CPU Utilisation and Optimisation on CheckMK Raw

CMK version: 2.2.0p19
OS version: Ubuntu 22.04

Hello,

So I’m getting less only 50% CPU utilisation on my CheckMK raw instance.
Currently I’m running it on AWS from a docker container in an EC2 instance on an m6i.xlarge (4 vCPU and 16 RAM). I know that the RAM is not needed and will probably move to a compute optimised instance. Although I suspect I’ll still face the same issue - High load with less than 50% CPU utilisation (screenshots below). Is it possible to make the checks run in paralel on or in groups on the raw version (Example first 50 hosts run in 1 minute, than on the 2nd minute the next 50 hosts run, not all at once every minute).
Currently I’m running 1500 services and 150 hosts, but I’ll be adding over 4x the amount of services
and probably double the hosts.
Adding more hosts make the system unstable (UI starts to begin slugish) and makes the load go to 20, 25, 30.
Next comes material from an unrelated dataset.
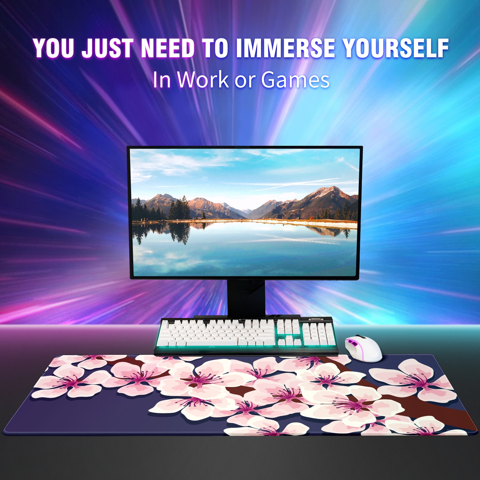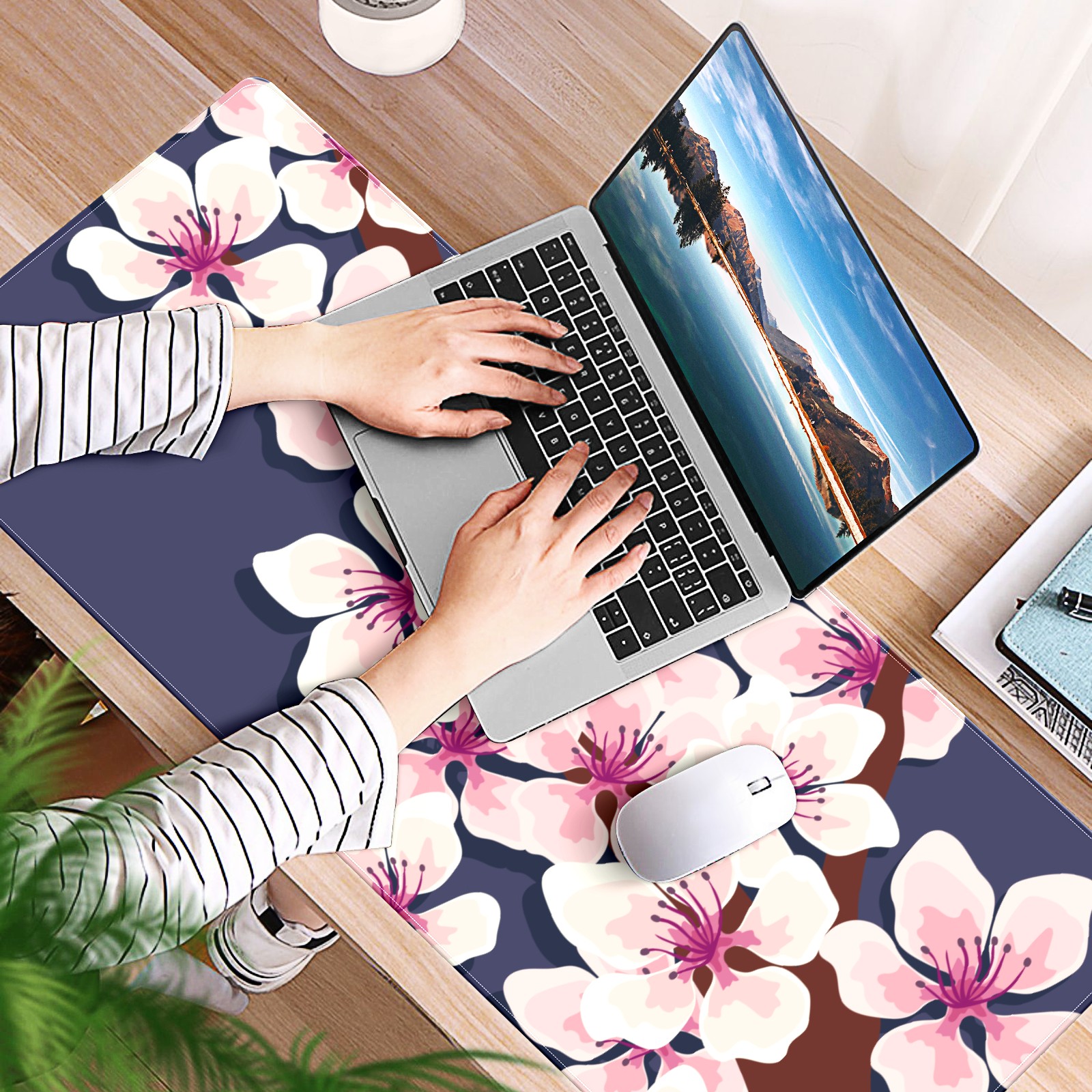 Large Mouse Pad for Desktop, Cute Desk Mat Pad Protector for Work & Gaming, Aesthetic Pretty Anti-Slip Laptop Blotter Cover for Office School Home Supplies, Japan Cherry Blossoms , 35.4inx15.7in

Output of “cmk --debug -vvn hostname”: (If it is a problem with checks or plugins)

This is a Nagios issue. You can extend the check interval for the Check_MK service check (that pulls the agent data) to 2 or 3 minutes.
The general recommendation is to leave Nagios and go with the Enterprise edition with more than 100 hosts.
Anither solution would be to create multiple sites. Each runs its own Nagios core. You would have to distribute your hosts evenly across the sites.

1 Like

Setup | Maintenance | Analyze configuration gives some hints to finetune some settings.
Click on the blue circles to get more info.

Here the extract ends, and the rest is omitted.